= Baga de Secretis =

Medieval English store of secret documents

In English mediaeval government the Baga de Secretis or Bagga de Secretis was a store of secret documents. It originated as a leather sack, which the collection later outgrew. Its name is a Mediaeval Latin attempt at "bag of secrets" (which more correctly would have been "Saccus Secretorum").

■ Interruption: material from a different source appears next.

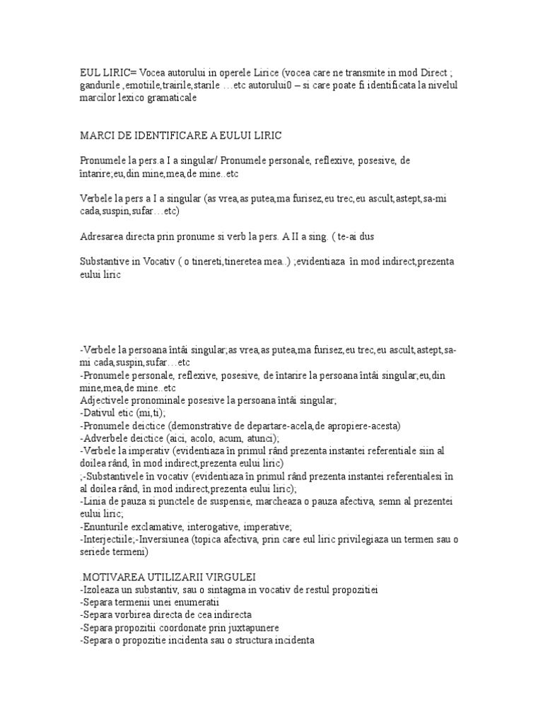 Daca vrei sa formulezi frumos intr un enunt poti sa scrii cam asa. Prezenta pronumelor personale si ale verbelor la persoana i si a ii a singular si. Eul liric este vocea autorului în operele aparținând genului liric și poate fi identificat la nivelul mărcilor lexico gramaticale. Marcile lexi gramaticale ale e ului liric in mentionezi poezia sunt.
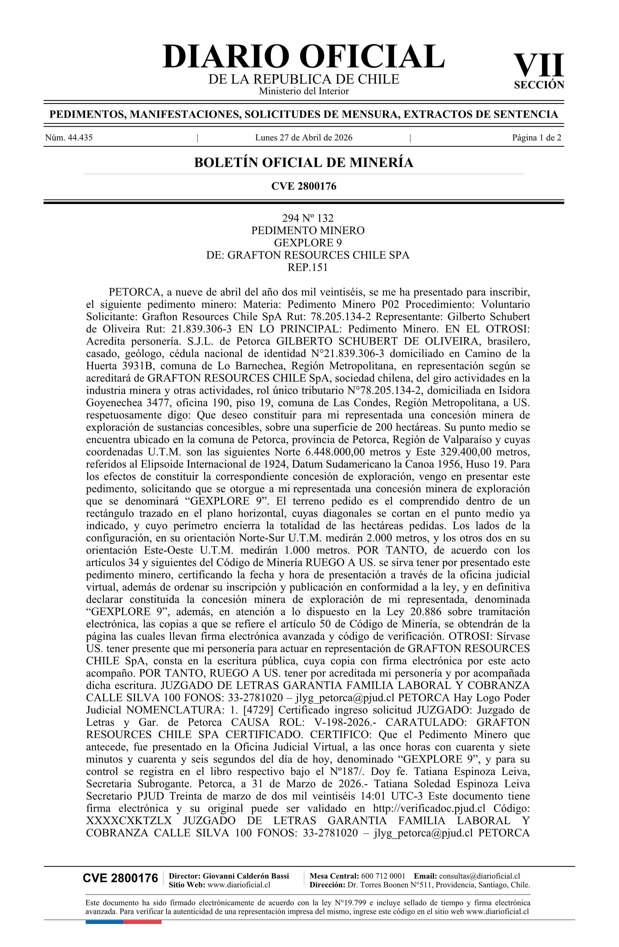 Título: GEXPLORE 9 / Grafton Resources Chile SpA

It originated during the reign of Edward IV with the storage of documents regarding treason and writs of attainder. With the reign of Henry VIII, however, its character changed to concentrate more on the sovereign's most intimate and domestic matters which the Crown wished to keep from prying eyes. The subjects of its contents included Anne Boleyn, Catherine Howard, Lady Jane Grey, Walter Raleigh, the Earl of Essex, Guy Fawkes, and other such cases. The closet which succeeded the ox-hide pouch was locked with three separate locks, the keys to which were in the possession of the Lord Chief Justice, the Attorney General, and the Master of the Crown Office. In the late 19th century, all documents were removed from the locked closet and given to the care of the Public Record Office, distributed into their proper series and topics, and are now accessible with limitations, with due care for their preservation. The documents of the trial of Queen Anne, for example, had been thought long destroyed but after their removal and examination were found to be almost entirely complete.